INPUT DATA:
Content starts

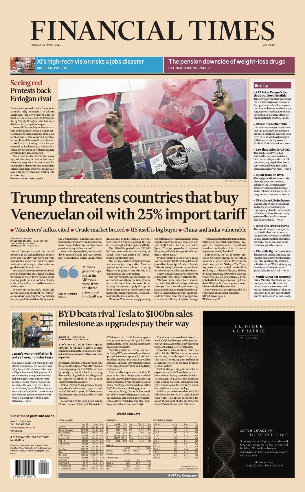 The UK Foreign, Commonwealth and Development Office on Monday advised Britons against "all travel to parts of Turkey" due to the growing unrest in Istanbul and other Turkish cities over the arrest of Istanbul mayor Ekrem Imamoglu last week. The foreign office warned that the demonstrations "may become violent" and that the local police have responded by using tear gas and water cannons."Large demonstrations continue to occur outside diplomatic missions connected to the conflict in major cities, particularly Israeli diplomatic missions in Ankara and Istanbul," the foreign office said, urging Britons to avoid all demonstrations and leave the area if one develops - The Independent
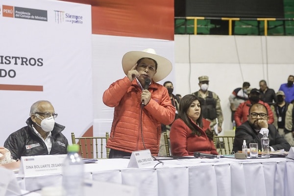El presidente de la República, Pedro Castillo, acudió este miércoles a la ciudad de Juliaca, para sostener un encuentro organizaciones sociales, autoridades regionales y alcaldes, en el marco del Primer Encuentro por el Desarrollo de la Región Puno, en la Plaza de Armas de la referida ciudad.
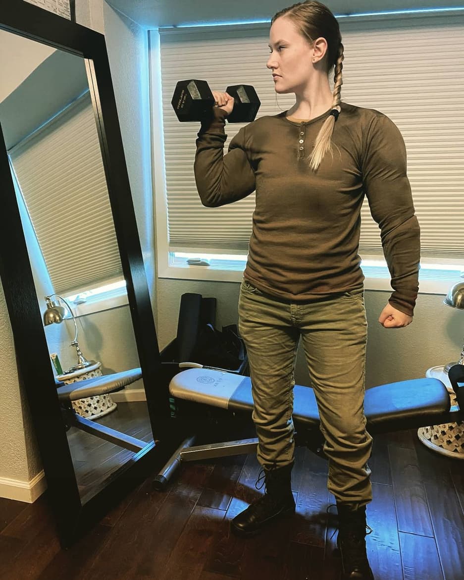 Стоит отметить, что Меттлер довольно убедительно передала образ Эбби, попозировав с гантелей, оружием и сделав вид, что трапезничает буррито.

Content ends

ABOUT THIS EXERCISE: From the first line to the last, set down the data exactly, without the pictures.

ANSWER:
 The UK Foreign, Commonwealth and Development Office on Monday advised Britons against "all travel to parts of Turkey" due to the growing unrest in Istanbul and other Turkish cities over the arrest of Istanbul mayor Ekrem Imamoglu last week. The foreign office warned that the demonstrations "may become violent" and that the local police have responded by using tear gas and water cannons."Large demonstrations continue to occur outside diplomatic missions connected to the conflict in major cities, particularly Israeli diplomatic missions in Ankara and Istanbul," the foreign office said, urging Britons to avoid all demonstrations and leave the area if one develops - The Independent
El presidente de la República, Pedro Castillo, acudió este miércoles a la ciudad de Juliaca, para sostener un encuentro organizaciones sociales, autoridades regionales y alcaldes, en el marco del Primer Encuentro por el Desarrollo de la Región Puno, en la Plaza de Armas de la referida ciudad.
 Стоит отметить, что Меттлер довольно убедительно передала образ Эбби, попозировав с гантелей, оружием и сделав вид, что трапезничает буррито.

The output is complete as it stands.